%%

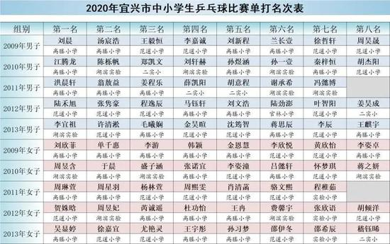 宜兴市成功举办2020年中小学生乒乓球比赛
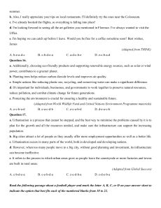 (Adapted from World Wildlife Fund and United Nations Environment Programme materials) A. e-c-b-a-d B. e-a-c-d-b C. e-c-a-b-d D. d-e-a-c-b Question 17.
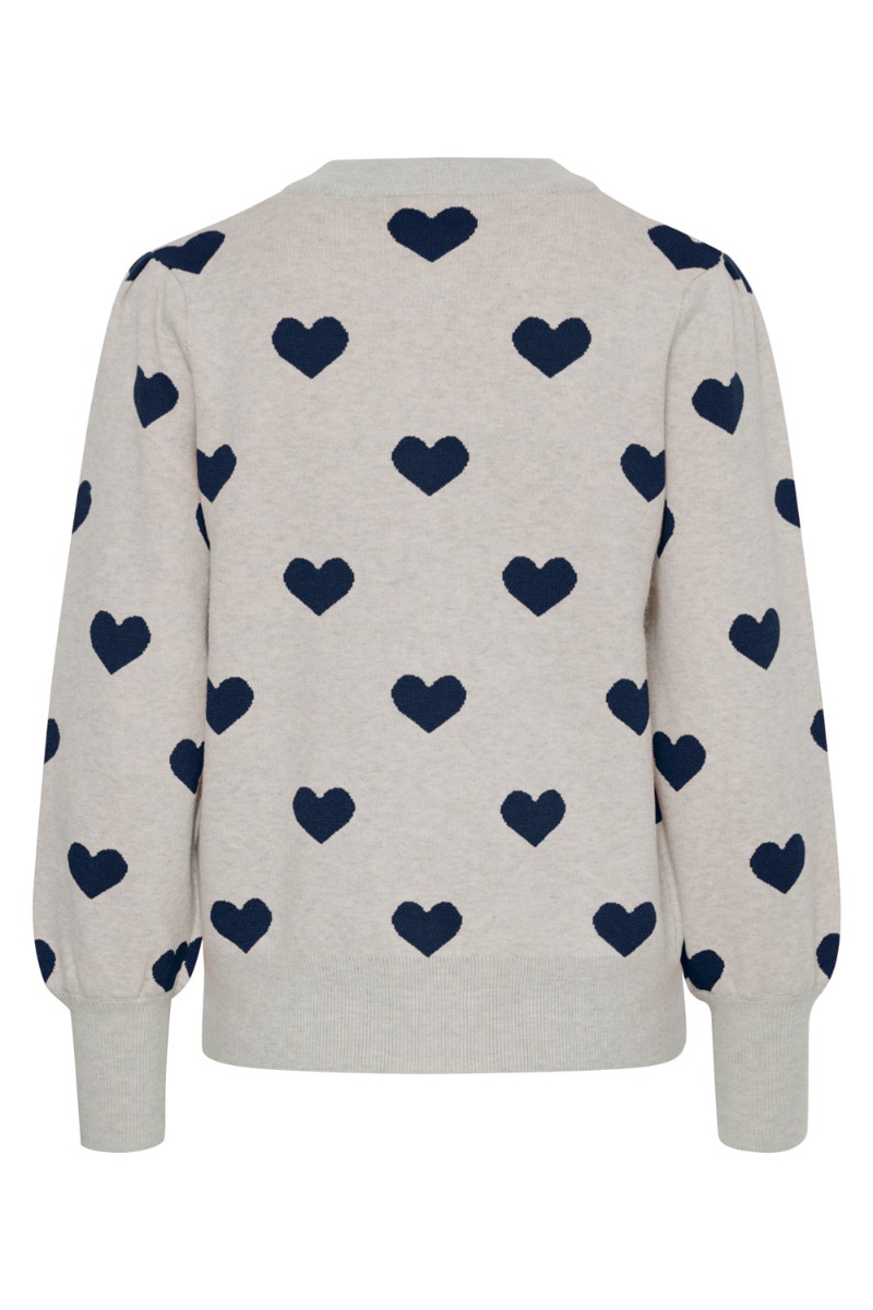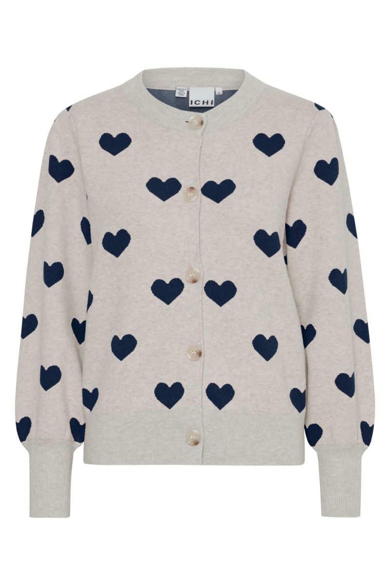 En sød cardigan er kommet fra Ichi. Den er beige farve med hjerter på i en smuk navy farve. Den lukkes foran med knapper og har den klassiske runde halsudskæring samt den afsluttes med ribkant ved ærmer, bund og hals. Den er i den blødeste kvalitet og er helt tæt i strikken så den ikke er gennemsigtig. En fin model til et par jeans eller en stram nederdel.
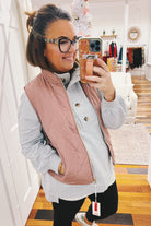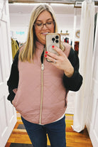 Wrap yourself in cozy charm with the Penelope Fur Lined Vest! This adorable quilted layer features a soft mauve hue that's equal parts sweet and sophisticated. The stretchy side panels ensure a comfy, flattering fit, while the convenient zip front makes layering effortless. Lined with plush fur for extra warmth and snuggle-worthy softness, it's the perfect piece to add a touch of playful elegance to any outfit. Your new favorite go-to vest awaits!
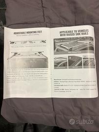 Barre portatutto portapacchi universali Vevor nuove mai usate! Comprate per errore non compatibili con la mia autovettura in quanto necessitano di barre laterali di serie "raised rail" come in foto nelle istruzioni. Prezzo non trattabile in quanto veramente mai usate.
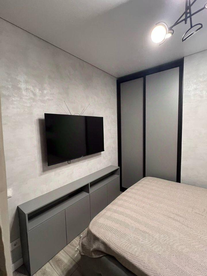 Квартира из себя представляет большую комнату, зонально разделенную на спальную зону и на lounge зону с большим телевизором и удобным диваном + большая кухня со всей необходимой техникой + большая прихожая с многочисленными зонами хранения + и огромный балкон со встроенным шкафом на 5 секций, с креслом, дополнительной зоной хранения и складным рабочим местом. Есть отлично работающий кондиционер.
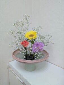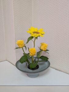 今週は黄色のバラとヒマワリが印象的だったので主役で生けました。

%%

Copy every line of the records exactly as it is written, but not the pictures.

▶ Answer to this task:
 宜兴市成功举办2020年中小学生乒乓球比赛
 (Adapted from World Wildlife Fund and United Nations Environment Programme materials) A. e-c-b-a-d B. e-a-c-d-b C. e-c-a-b-d D. d-e-a-c-b Question 17.
 En sød cardigan er kommet fra Ichi. Den er beige farve med hjerter på i en smuk navy farve. Den lukkes foran med knapper og har den klassiske runde halsudskæring samt den afsluttes med ribkant ved ærmer, bund og hals. Den er i den blødeste kvalitet og er helt tæt i strikken så den ikke er gennemsigtig. En fin model til et par jeans eller en stram nederdel.
 Wrap yourself in cozy charm with the Penelope Fur Lined Vest! This adorable quilted layer features a soft mauve hue that's equal parts sweet and sophisticated. The stretchy side panels ensure a comfy, flattering fit, while the convenient zip front makes layering effortless. Lined with plush fur for extra warmth and snuggle-worthy softness, it's the perfect piece to add a touch of playful elegance to any outfit. Your new favorite go-to vest awaits!
 Barre portatutto portapacchi universali Vevor nuove mai usate! Comprate per errore non compatibili con la mia autovettura in quanto necessitano di barre laterali di serie "raised rail" come in foto nelle istruzioni. Prezzo non trattabile in quanto veramente mai usate.
 Квартира из себя представляет большую комнату, зонально разделенную на спальную зону и на lounge зону с большим телевизором и удобным диваном + большая кухня со всей необходимой техникой + большая прихожая с многочисленными зонами хранения + и огромный балкон со встроенным шкафом на 5 секций, с креслом, дополнительной зоной хранения и складным рабочим местом. Есть отлично работающий кондиционер.
 今週は黄色のバラとヒマワリが印象的だったので主役で生けました。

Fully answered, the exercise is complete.